Governor of the Dutch Gold Coast
- ad interim
- In office 7 May 1860 – 21 January 1861
- Monarch: William III of the Netherlands
- Preceded by: Cornelis Nagtglas
- Succeeded by: Cornelis Nagtglas

Personal details
- Born: 17 March 1826 Huissen, Netherlands
- Died: 30 April 1896 (aged 70) Huissen, Netherlands
- Spouse: Hendrina Johanna Leijser

= Cornelis Meeuwsen =

Dutch colonial administrator and tobacco farmer

Cornelis Meeuwsen (born 17 March 1826 – 30 April 1896) was a Dutch colonial administrator and tobacco farmer, who made a career in the administration on the Dutch Gold Coast and who became interim governor during the European leave of governor Cornelis Nagtglas between 7 May 1860 and 21 January 1861.

== Biography ==
Cornelis Meeuwsen was born in Huissen as the tenth child of Gradus Meuwsen and Gertrudis Steenhof. Both his father and grandfather cultivated tobacco, a popular crop in Huissen in the middle of the 19th century.

Meeuwsen's familiarity with cultivating tobacco was one of the main reasons to recruit him for service on the Dutch Gold Coast, as the colonial government had started a tobacco plantation in the government garden of Elmina. Meeuwsen was appointed assistant on the Coast of Guinea by royal decree of 21 juni 1848 and departed for the Dutch Gold Coast on 14 November 1848, arriving on 11 February 1849.

Meeuwsen developed a tobacco plantation at Simbo, which was more successful than the plantation established on poor soil in the government garden in Elmina. The Simbo plantation soon had difficulty attracting labourers, however, and was shut down on 30 June 1855.

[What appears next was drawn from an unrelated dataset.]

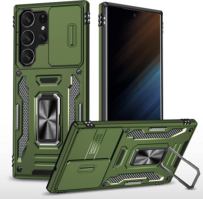 Samsung S25 Plus/S24 Plus Kejiang Case With Camera Cover & Metal Ring Olive Green

Meeuwsen was promoted to resident on the Coast of Guinea on 1 December 1855 and continued his career in the colonial administration as commandant of Fort San Sebastian at Shama. On 14 May 1856, he was appointed commandant of Fort Orange at Sekondi.

After returning to the Gold Coast on 11 September 1857 from a year-long European leave, Meeuwsen was appointed bookkeeper, public prosecutor, government secretary and cashier, succeeding Petrus Jacobus Runckel. This office made Meeuwsen second in command of the colony. During the European leave of Nagtglas between 7 May 1860 and 21 January 1861, Meeuwsen served as acting governor.

Meeuwsen returned to the Netherlands on 14 April 1861 and was honourably discharged of his duties by royal decree of 27 October 1861. Almost immediately after his return, on 19 June 1861, he married Hendrina Johanna Leijser, with whom he had six children. He settled again in Huissen, where he was a member of the municipal council.

Cornelis Meeuwsen died on 30 April 1896, aged 70.